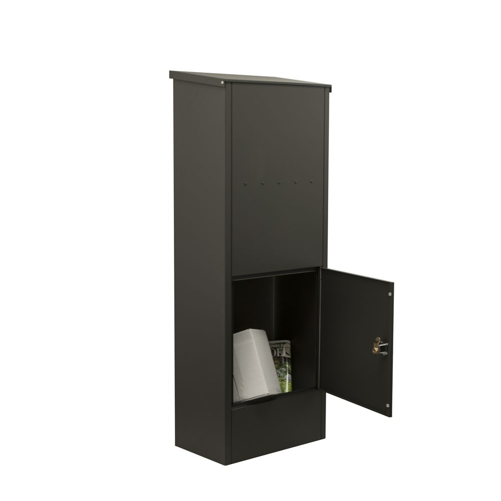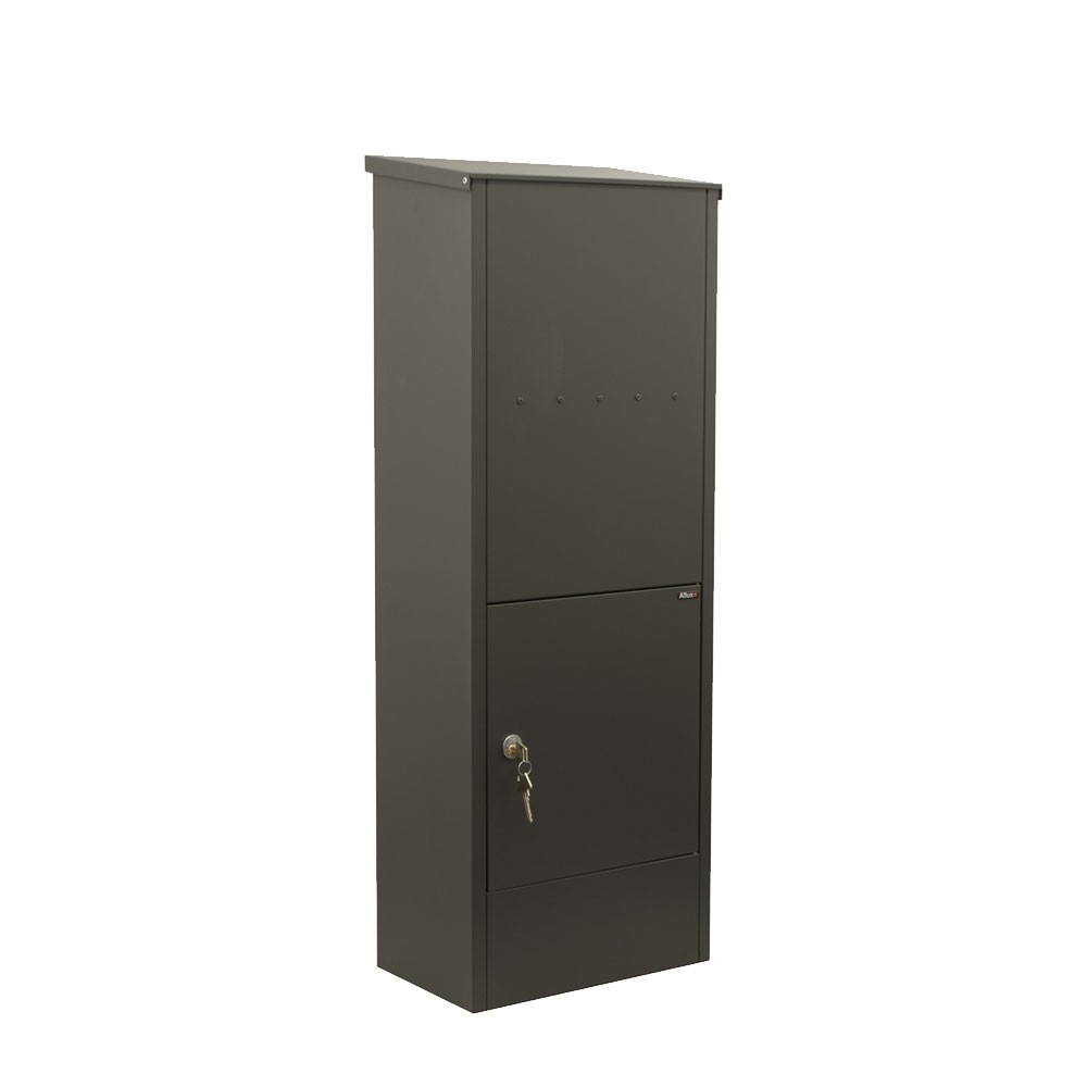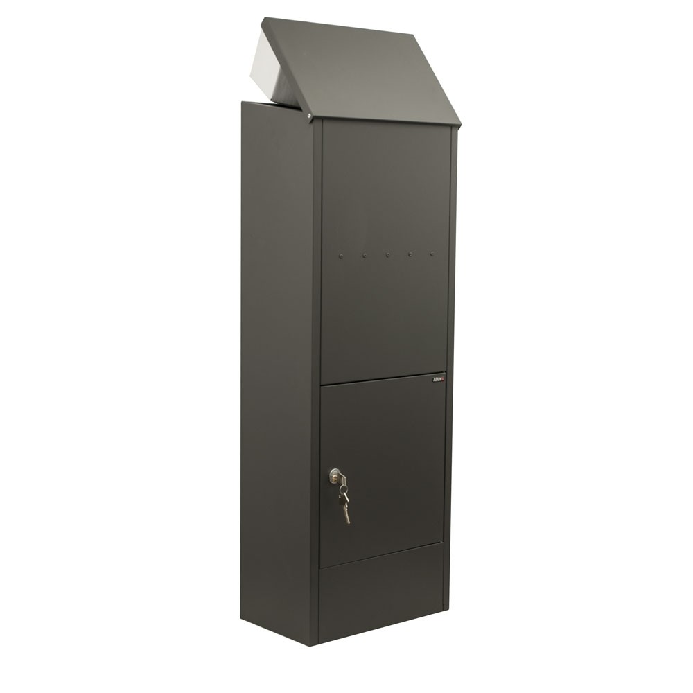 Pakketkast Allux 600 achteruitname antraciet is dé oplossing voor het ontvangen van post én pakketjes. Door de grote boveninworp kan het pakketten ontvangen tot een formaat van 100x260x280mm.
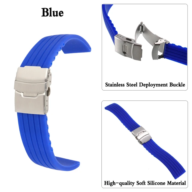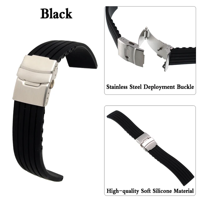| [해외]20 미리메터 22 미리메터 reloj 험 브레 실리콘 고무 시계 스트랩 배포 버클 방수 밴드 스포츠 손목 Sweatband 시계 스트랩 밴드 |
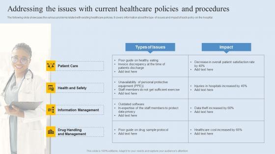 The following slide showcases the various problems related with existing healthcare policies. It covers information about the type of issues and impact of each policy on the hospital. Find a pre designed and impeccable Addressing The Issues With Current Healthcare Policies And Procedures Microsoft PDF. The templates can ace your presentation without additional effort. You can download these easy to edit presentation templates to make your presentation stand out from others. So, what are you waiting for Download the template from Slidegeeks today and give a unique touch to your presentation.
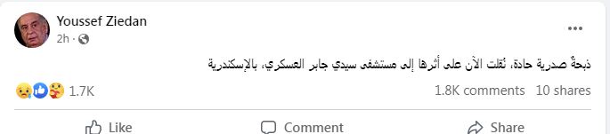 وكان يوسف زيدان كتب عبر حسابه الشخصي على موقع التواصل الاجتماعي "فيس بوك" في الساعات الأولى من صباح اليوم السبت قائلا: "ذبحةٌ صدرية حادة، نُقلت الآن على أثرها إلى مستشفى سيدي جابر العسكري، بالإسكندرية".
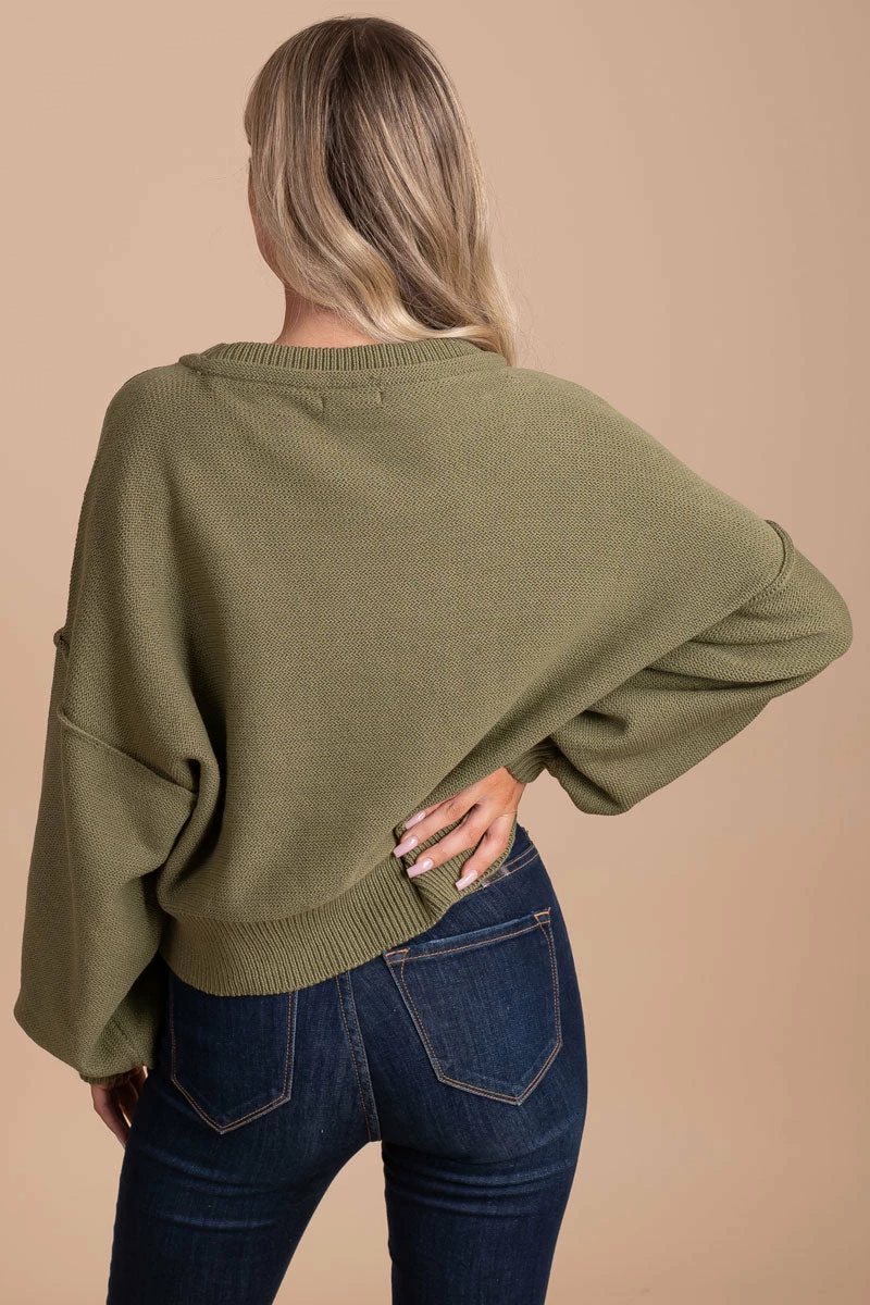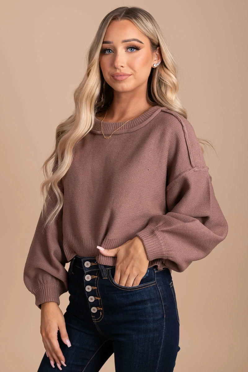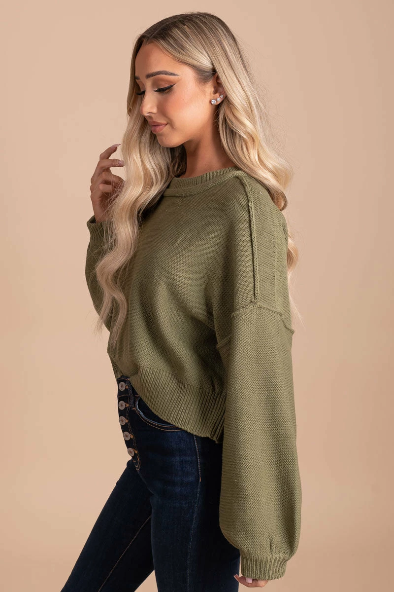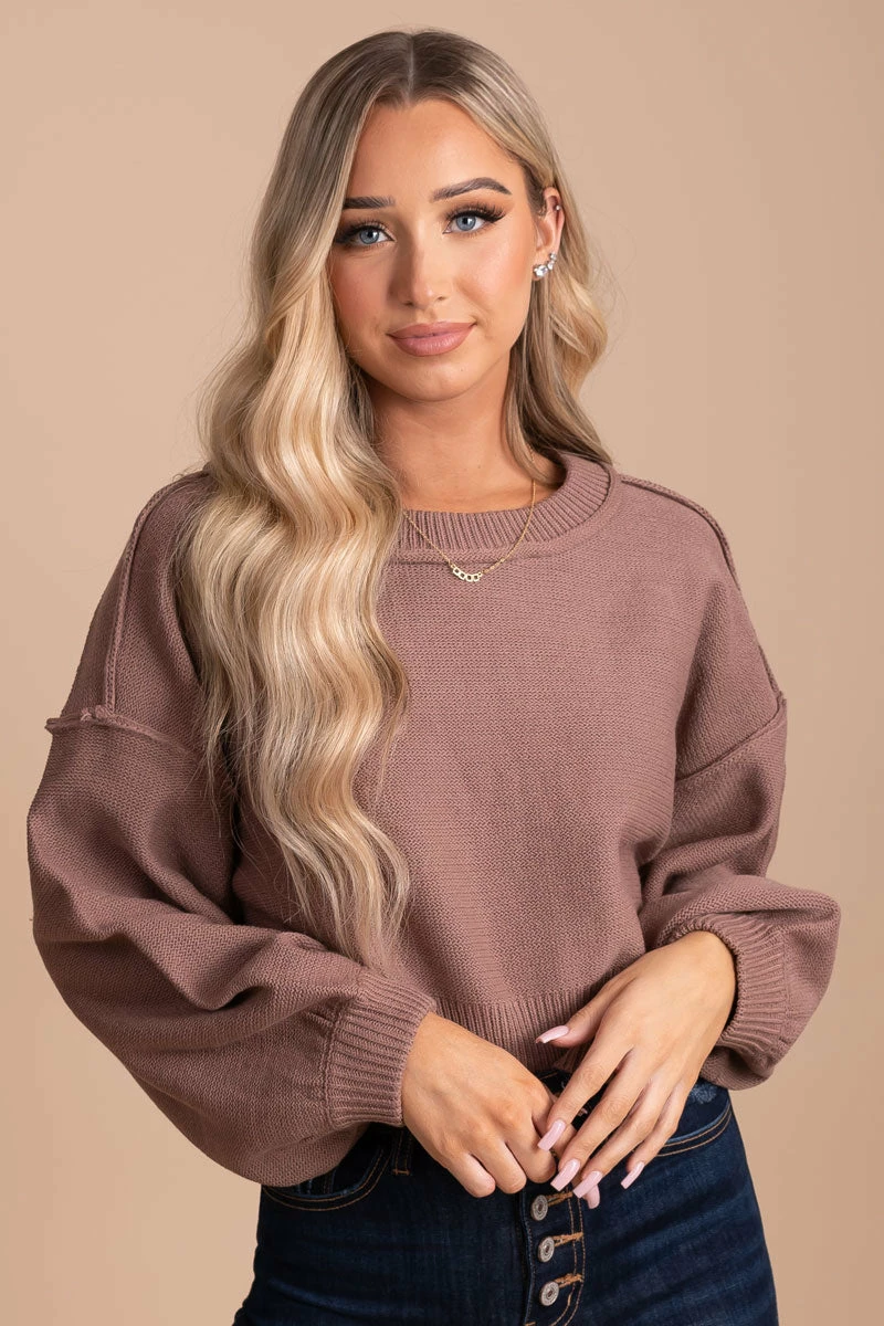 Our Never Let Me Go Cropped Sweater is a winter must-have! This sweater features three gorgeous color options, a cropped length, and long puff sleeves. The round neckline and visible seams make this sweater so unique! Pair your Never Let Me Go Cropped Sweater with your favorite high-waisted jeans and booties to create an adorable winter outfit!
######
In the records above, transcribe exactly the lines from the one containing "시계 스트랩 밴드 |" through the last line, both included, and skip the pictures.

| [해외]20 미리메터 22 미리메터 reloj 험 브레 실리콘 고무 시계 스트랩 배포 버클 방수 밴드 스포츠 손목 Sweatband 시계 스트랩 밴드 |
 The following slide showcases the various problems related with existing healthcare policies. It covers information about the type of issues and impact of each policy on the hospital. Find a pre designed and impeccable Addressing The Issues With Current Healthcare Policies And Procedures Microsoft PDF. The templates can ace your presentation without additional effort. You can download these easy to edit presentation templates to make your presentation stand out from others. So, what are you waiting for Download the template from Slidegeeks today and give a unique touch to your presentation.
 وكان يوسف زيدان كتب عبر حسابه الشخصي على موقع التواصل الاجتماعي "فيس بوك" في الساعات الأولى من صباح اليوم السبت قائلا: "ذبحةٌ صدرية حادة، نُقلت الآن على أثرها إلى مستشفى سيدي جابر العسكري، بالإسكندرية".
 Our Never Let Me Go Cropped Sweater is a winter must-have! This sweater features three gorgeous color options, a cropped length, and long puff sleeves. The round neckline and visible seams make this sweater so unique! Pair your Never Let Me Go Cropped Sweater with your favorite high-waisted jeans and booties to create an adorable winter outfit!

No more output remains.